Most marketers rely on the big three social platforms to connect, engage and inform their followers. For B2C marketers, 97% used Facebook, 65% used Twitter, and 60% used Instagram, according to 2018 Statista data. For B2B, 89% used Facebook, 81% used LinkedIn, and 75% used Twitter.

For years, Twitter has consistently ranked among brands’ go-to destinations for social media platforms. But did you know Twitter has 32% fewer daily active users (126 million) than Snapchat (186 million)?

Because of Snapchat’s limited niche audience, marketers shy away from it. Only 8% of B2C marketers use it, and 6% of B2B businesses have an account.

So, how has Twitter managed to stay a marketer-favorite despite its small audience while Snapchat never really took off?

At first glance, you might think Snapchat has a younger demographic. Those between the ages of 18 and 29 (68%) are most likely to use Snapchat while only 26 % of adults between the ages of 30 and 39 use Snapchat, according to 2018 Pew Research Center data.

Yet, the breakdown on Twitter is pretty darn similar. Only 27% of 30- to 39-year-old adults use Twitter, and its largest segment of users are between the ages of 18 and 29.
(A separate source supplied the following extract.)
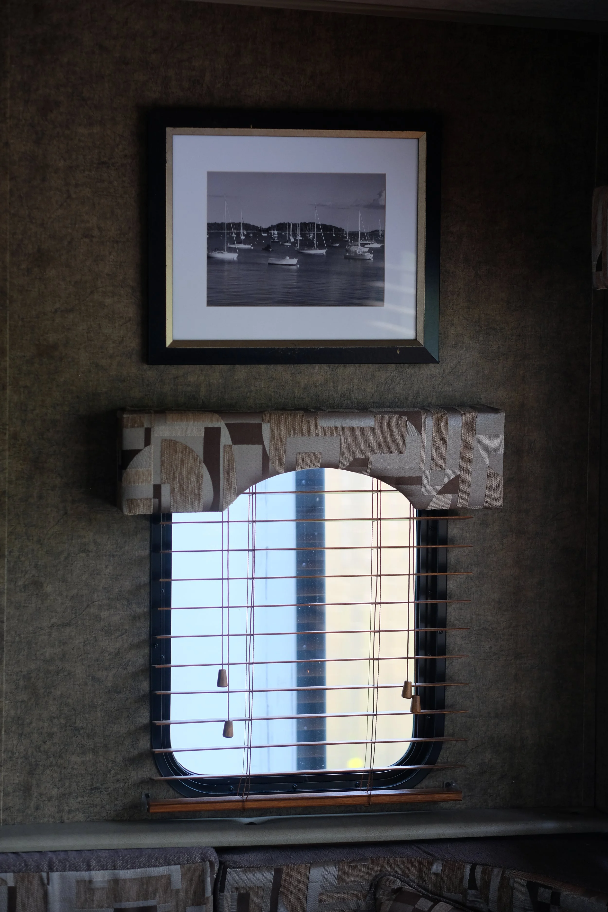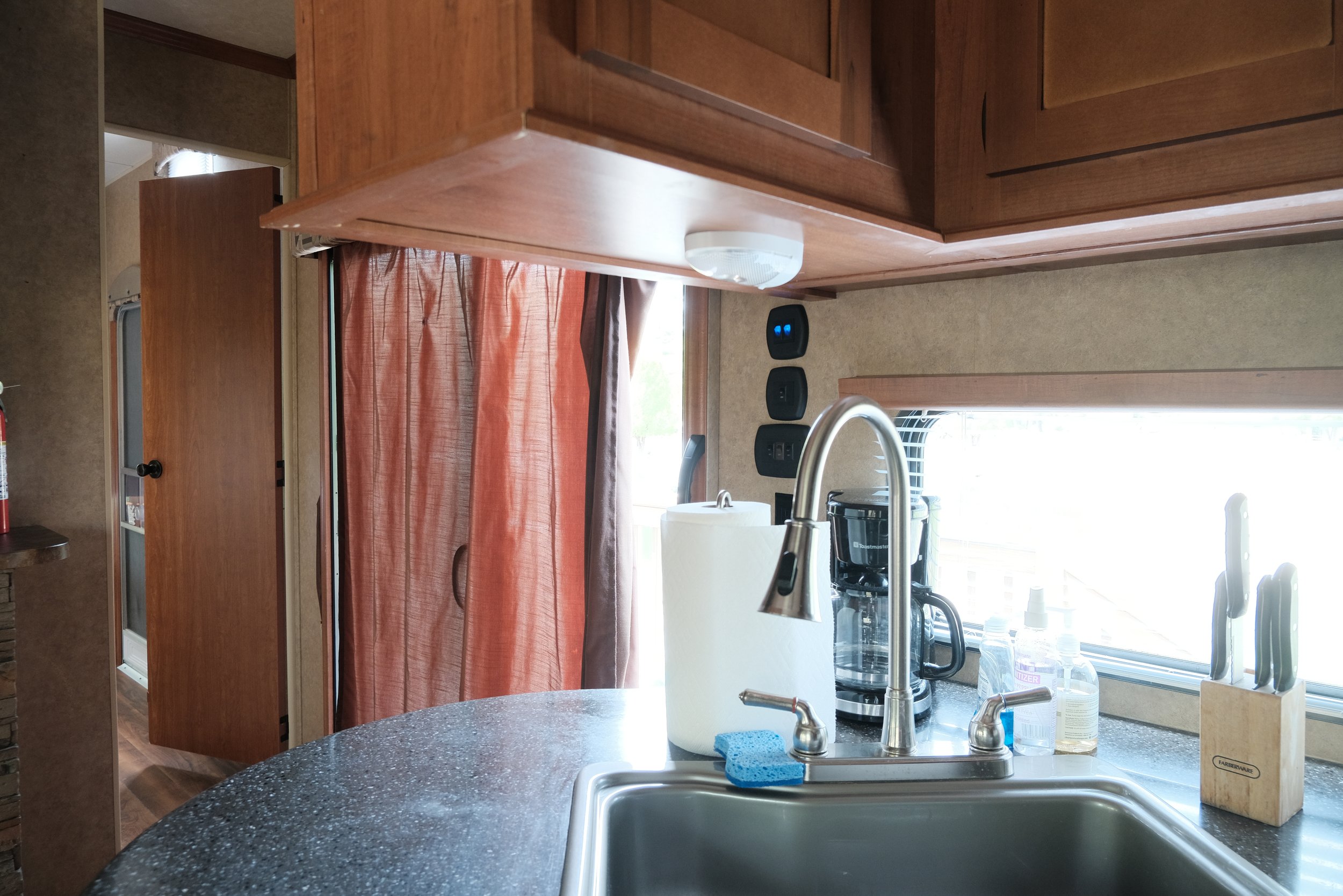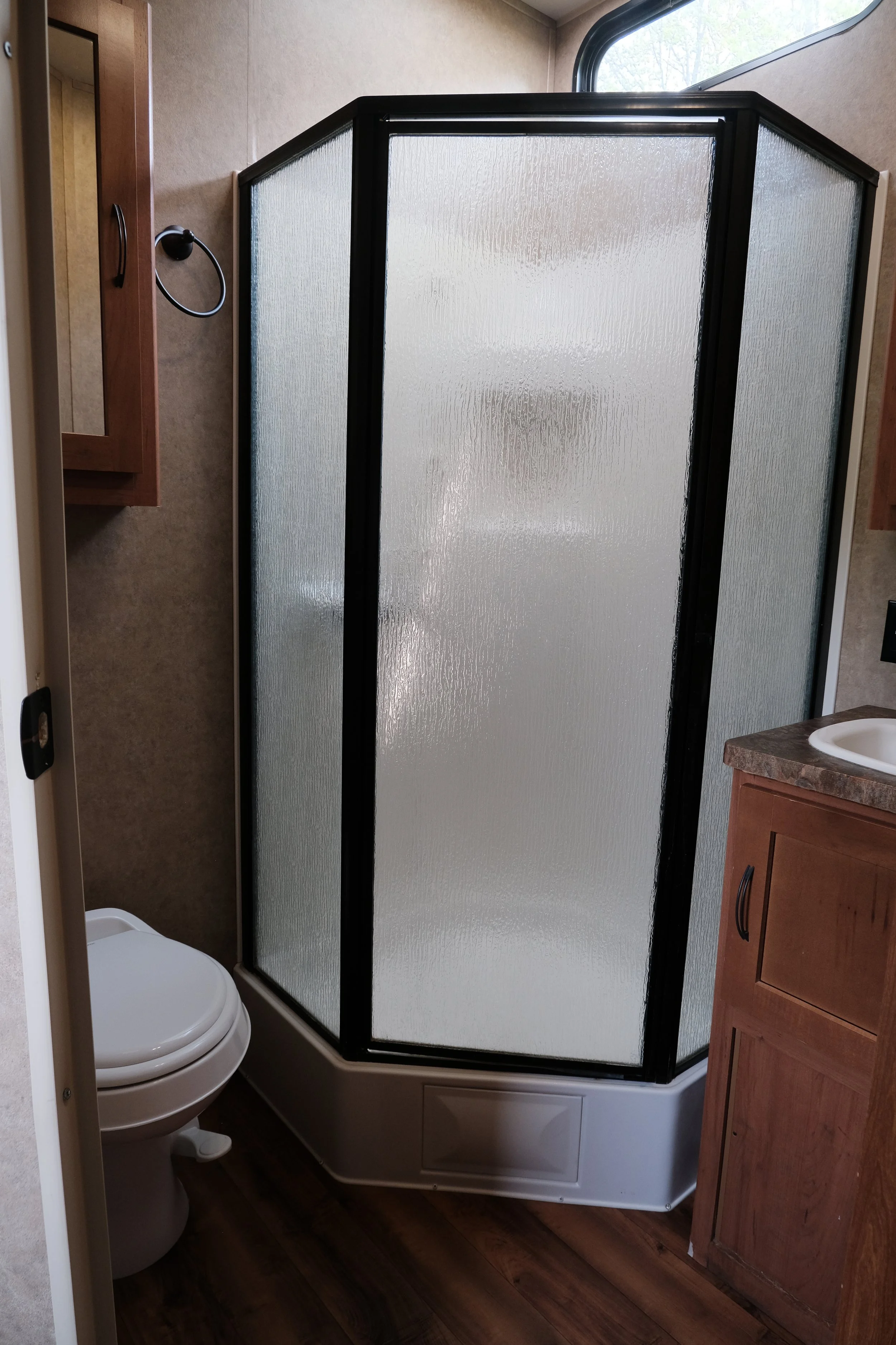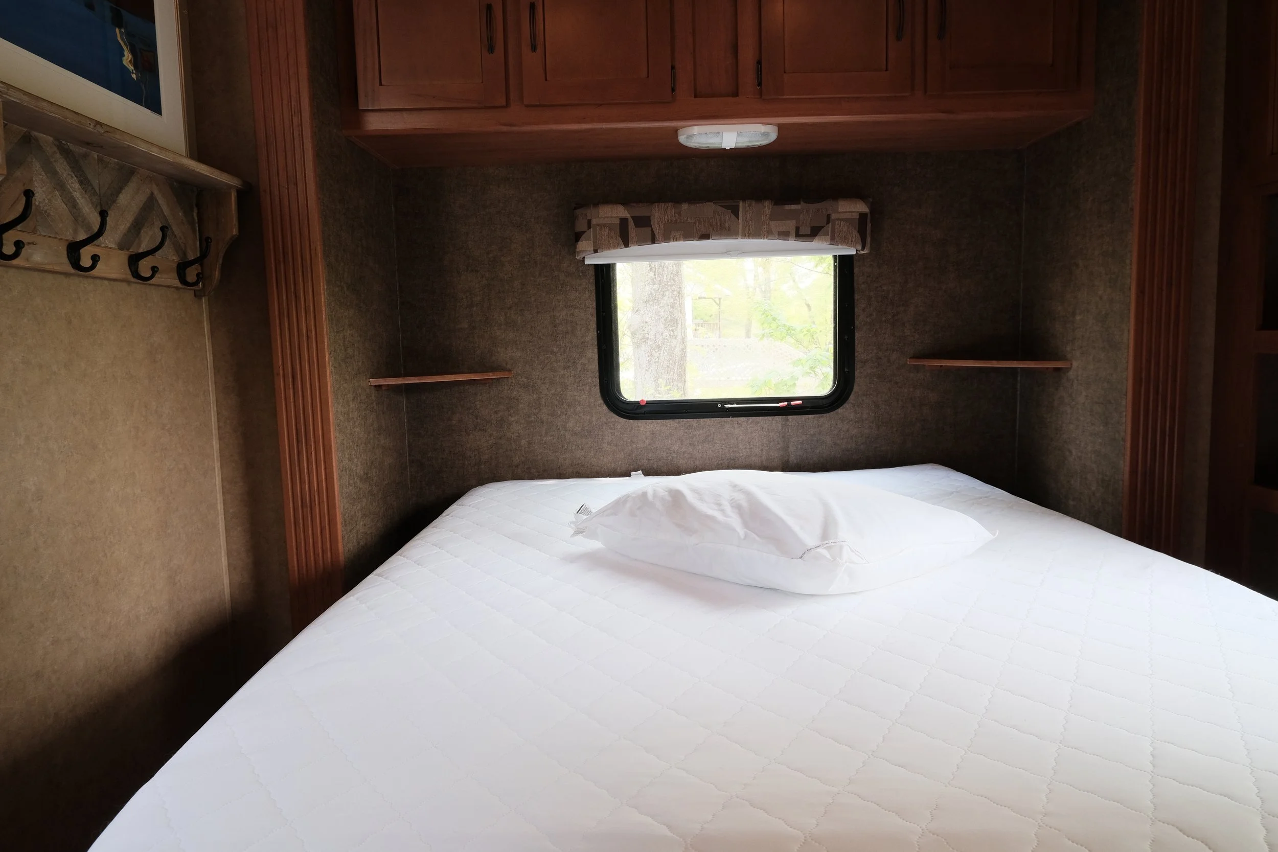 There is an additional entrance at the end of the camper leading to a private bathroom with a shower. It connects to a children's bedroom featuring bunk beds and a fold-down couch, suitable for couples as well. This room can also be accessed from the kitchen/dining area. The unit has a calming atmosphere with neutral colors and plenty of natural light. It is situated on a private lot near our pond and includes a paved parking area. Outside, you can relax under the awnings and enjoy a picnic table. A large fire pit is available for your family's enjoyment at night. Heating and air conditioning are provided for seasonal comfort.
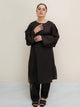 Loose fit kurta adorned with black lace details paired with wide leg pants/sharara

If it’s not the demographics that set Twitter apart, what is it?

For many, it may be a force of habit. When social networks were just catching on, Twitter and Facebook were constantly duking it out to see who would take the top spot. While Facebook continued to grow at a steady rate, Twitter growth petered out. In fact, its growth trajectory looks shockingly similar to Snapchat’s.

It also helps that Twitter is a much lighter lift for businesses. It’s one of the few platforms you can still publish a post with nothing more than text and have it perform well!

Now’s the time to evaluate exactly why your business is using Twitter. What’s your goal for the platform, and is it worth the time you invest?

Sure, your tweets might get seen by a fair-sized audience. But if only one or two people retweet and the platform’s not driving traffic to your website, is that worth it?

If you’re not sure if Twitter is doing much for your business (beyond providing engagement/reach numbers on the platform), experiment by not posting for a week and see if you notice a discernable impact on your business.

Frankly, the time you gain may be better spent on other social platforms. Think of the time you’d have to create videos for Facebook and Instagram!

While you start dreaming of the possibilities, don’t delete your business’ Twitter altogether.

Over 85% of small-to-medium business patrons said it’s important that businesses provide customer service support on Twitter.

You should still check your notifications daily and respond to any tweets or messages sent directly to your company.

If you want to encourage your followers to migrate to another platform where you’re more active, pin a tweet at the top of your profile that points them there.